The problem:
Of the entries below, return exactly those lines that fall between the one containing "为助力师生明晰教师职业发展方" and the one containing "What is the", the two end lines included.

[Records contained in a dataset]

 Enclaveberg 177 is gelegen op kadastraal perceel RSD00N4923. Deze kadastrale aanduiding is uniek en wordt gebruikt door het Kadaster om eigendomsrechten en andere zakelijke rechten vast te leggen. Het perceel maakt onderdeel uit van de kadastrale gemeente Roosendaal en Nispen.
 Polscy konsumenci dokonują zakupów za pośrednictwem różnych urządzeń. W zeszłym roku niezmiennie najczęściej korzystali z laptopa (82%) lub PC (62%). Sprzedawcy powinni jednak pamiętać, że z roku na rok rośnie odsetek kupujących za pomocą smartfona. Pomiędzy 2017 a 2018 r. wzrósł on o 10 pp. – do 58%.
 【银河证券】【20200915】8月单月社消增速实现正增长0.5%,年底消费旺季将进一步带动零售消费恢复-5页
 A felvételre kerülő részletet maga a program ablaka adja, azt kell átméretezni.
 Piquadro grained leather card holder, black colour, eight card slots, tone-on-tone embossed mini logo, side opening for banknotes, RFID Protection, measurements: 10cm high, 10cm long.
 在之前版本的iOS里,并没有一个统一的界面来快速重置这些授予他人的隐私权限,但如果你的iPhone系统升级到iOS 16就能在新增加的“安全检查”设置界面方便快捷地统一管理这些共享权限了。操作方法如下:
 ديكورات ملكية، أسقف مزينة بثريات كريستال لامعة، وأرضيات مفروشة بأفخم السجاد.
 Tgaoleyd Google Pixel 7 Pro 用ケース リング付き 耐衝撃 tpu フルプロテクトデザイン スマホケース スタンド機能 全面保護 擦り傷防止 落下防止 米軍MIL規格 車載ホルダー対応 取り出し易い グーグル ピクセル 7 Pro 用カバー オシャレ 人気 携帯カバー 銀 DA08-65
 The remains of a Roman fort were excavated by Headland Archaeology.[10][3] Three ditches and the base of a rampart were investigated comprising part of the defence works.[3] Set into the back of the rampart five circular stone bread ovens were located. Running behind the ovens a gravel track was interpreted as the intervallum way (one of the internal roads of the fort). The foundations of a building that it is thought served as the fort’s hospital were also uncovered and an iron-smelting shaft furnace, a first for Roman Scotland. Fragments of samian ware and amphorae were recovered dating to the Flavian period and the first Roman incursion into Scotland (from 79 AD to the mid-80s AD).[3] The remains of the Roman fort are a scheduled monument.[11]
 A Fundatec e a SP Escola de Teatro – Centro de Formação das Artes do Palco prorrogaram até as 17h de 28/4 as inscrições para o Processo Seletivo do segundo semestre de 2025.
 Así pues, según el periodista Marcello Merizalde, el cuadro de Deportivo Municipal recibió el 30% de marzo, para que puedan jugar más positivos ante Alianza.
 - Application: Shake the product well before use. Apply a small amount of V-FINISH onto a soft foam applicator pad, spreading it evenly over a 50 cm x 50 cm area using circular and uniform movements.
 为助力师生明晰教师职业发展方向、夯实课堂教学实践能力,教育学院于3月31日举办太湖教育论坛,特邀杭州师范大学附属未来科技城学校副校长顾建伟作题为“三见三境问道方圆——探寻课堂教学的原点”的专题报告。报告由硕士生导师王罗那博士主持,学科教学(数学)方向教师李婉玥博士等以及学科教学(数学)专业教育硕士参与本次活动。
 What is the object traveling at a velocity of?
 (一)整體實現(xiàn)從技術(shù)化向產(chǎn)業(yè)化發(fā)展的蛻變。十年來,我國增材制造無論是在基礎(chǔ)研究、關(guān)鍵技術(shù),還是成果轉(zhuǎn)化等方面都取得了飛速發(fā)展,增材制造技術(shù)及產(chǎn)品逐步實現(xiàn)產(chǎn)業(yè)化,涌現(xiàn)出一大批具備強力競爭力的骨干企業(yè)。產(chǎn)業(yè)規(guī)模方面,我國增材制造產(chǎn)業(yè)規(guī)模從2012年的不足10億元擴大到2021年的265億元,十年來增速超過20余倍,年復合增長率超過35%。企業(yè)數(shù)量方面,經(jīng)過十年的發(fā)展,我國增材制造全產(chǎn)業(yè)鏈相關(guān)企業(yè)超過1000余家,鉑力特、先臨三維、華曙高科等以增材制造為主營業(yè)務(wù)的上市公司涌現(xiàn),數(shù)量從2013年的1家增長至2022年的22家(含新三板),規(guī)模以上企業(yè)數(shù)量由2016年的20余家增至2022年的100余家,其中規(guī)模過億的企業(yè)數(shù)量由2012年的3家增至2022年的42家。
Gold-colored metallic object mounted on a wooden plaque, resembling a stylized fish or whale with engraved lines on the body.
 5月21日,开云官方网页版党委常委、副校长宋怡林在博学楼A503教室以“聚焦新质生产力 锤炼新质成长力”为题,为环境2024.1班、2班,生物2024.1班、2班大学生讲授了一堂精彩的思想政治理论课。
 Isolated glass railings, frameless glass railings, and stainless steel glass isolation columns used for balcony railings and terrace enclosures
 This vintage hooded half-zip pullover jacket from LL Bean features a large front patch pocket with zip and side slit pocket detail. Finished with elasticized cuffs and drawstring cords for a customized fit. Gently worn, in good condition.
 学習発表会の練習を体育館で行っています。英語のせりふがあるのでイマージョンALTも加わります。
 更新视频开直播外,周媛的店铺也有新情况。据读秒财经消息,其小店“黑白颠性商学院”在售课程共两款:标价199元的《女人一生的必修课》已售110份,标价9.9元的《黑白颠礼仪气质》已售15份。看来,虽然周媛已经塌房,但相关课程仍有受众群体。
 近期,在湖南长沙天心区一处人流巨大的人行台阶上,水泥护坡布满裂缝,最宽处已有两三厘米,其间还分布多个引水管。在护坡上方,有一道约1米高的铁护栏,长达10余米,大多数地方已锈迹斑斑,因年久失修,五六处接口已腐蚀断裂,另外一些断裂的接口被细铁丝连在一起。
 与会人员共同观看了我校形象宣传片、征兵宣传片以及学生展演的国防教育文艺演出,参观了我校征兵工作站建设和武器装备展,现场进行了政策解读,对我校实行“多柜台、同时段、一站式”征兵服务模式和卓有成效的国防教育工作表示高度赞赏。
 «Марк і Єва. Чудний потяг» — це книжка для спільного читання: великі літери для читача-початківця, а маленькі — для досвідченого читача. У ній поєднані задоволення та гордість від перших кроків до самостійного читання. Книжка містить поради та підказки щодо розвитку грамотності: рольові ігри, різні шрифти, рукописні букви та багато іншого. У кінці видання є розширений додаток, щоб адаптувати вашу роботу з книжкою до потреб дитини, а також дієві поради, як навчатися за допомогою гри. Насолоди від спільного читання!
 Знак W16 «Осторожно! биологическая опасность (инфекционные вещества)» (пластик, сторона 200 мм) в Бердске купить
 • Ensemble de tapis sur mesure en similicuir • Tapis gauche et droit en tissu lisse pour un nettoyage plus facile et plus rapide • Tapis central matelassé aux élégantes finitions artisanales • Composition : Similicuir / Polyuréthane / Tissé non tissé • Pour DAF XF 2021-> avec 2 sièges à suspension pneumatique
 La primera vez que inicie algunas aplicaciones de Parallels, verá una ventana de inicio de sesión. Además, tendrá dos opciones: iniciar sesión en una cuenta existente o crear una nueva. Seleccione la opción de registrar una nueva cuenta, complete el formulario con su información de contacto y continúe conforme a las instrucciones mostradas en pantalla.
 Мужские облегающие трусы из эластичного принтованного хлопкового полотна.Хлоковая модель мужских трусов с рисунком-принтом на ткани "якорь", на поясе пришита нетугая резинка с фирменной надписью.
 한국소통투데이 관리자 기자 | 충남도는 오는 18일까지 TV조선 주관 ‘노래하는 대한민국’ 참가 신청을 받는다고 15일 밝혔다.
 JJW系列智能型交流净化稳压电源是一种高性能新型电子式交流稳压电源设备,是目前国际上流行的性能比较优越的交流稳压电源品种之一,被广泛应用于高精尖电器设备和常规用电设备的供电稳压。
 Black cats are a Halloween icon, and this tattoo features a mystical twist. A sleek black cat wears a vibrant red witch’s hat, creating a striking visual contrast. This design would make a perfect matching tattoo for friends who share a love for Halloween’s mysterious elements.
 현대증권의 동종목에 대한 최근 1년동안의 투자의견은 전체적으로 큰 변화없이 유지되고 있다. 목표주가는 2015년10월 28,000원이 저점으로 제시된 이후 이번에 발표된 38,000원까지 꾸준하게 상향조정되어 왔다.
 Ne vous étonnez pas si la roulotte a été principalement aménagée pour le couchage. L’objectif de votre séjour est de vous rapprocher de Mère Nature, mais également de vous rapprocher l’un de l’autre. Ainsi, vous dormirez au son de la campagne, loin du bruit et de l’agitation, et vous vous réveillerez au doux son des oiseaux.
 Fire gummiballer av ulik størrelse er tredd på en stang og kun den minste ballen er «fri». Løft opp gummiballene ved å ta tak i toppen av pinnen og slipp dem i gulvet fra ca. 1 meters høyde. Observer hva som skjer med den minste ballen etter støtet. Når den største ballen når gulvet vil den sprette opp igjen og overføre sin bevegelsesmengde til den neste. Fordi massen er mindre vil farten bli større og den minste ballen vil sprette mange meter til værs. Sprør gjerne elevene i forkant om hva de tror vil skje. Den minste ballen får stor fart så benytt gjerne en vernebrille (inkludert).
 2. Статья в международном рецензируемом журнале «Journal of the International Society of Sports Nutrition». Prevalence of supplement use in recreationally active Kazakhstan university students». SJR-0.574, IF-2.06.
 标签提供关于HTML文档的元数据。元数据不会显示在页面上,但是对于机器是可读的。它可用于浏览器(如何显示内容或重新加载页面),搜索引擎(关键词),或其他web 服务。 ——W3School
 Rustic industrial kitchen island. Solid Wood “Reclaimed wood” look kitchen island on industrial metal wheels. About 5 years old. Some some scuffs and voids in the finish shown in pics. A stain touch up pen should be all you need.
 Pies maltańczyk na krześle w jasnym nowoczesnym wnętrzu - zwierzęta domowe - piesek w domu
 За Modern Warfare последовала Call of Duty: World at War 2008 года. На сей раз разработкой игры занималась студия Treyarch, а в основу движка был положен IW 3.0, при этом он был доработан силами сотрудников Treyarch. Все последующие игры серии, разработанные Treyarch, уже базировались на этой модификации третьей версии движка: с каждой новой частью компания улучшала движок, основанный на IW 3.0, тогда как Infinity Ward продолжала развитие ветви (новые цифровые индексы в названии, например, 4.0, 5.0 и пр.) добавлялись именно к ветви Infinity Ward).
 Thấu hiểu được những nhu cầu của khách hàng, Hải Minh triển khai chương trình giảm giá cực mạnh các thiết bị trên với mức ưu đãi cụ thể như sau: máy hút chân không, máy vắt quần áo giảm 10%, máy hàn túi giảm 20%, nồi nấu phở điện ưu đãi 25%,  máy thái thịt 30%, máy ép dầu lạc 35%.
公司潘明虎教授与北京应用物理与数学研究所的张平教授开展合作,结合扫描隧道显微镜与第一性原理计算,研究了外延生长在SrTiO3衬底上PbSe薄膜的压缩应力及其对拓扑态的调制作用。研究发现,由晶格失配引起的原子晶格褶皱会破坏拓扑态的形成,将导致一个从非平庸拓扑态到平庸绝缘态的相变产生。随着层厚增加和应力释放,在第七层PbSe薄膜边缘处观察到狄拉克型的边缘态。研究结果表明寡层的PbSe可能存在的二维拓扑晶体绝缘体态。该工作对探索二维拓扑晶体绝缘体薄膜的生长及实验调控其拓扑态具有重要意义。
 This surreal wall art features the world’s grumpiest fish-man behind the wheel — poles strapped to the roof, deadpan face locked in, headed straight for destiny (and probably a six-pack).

Solution to the problem:
 为助力师生明晰教师职业发展方向、夯实课堂教学实践能力,教育学院于3月31日举办太湖教育论坛,特邀杭州师范大学附属未来科技城学校副校长顾建伟作题为“三见三境问道方圆——探寻课堂教学的原点”的专题报告。报告由硕士生导师王罗那博士主持,学科教学(数学)方向教师李婉玥博士等以及学科教学(数学)专业教育硕士参与本次活动。
 What is the object traveling at a velocity of?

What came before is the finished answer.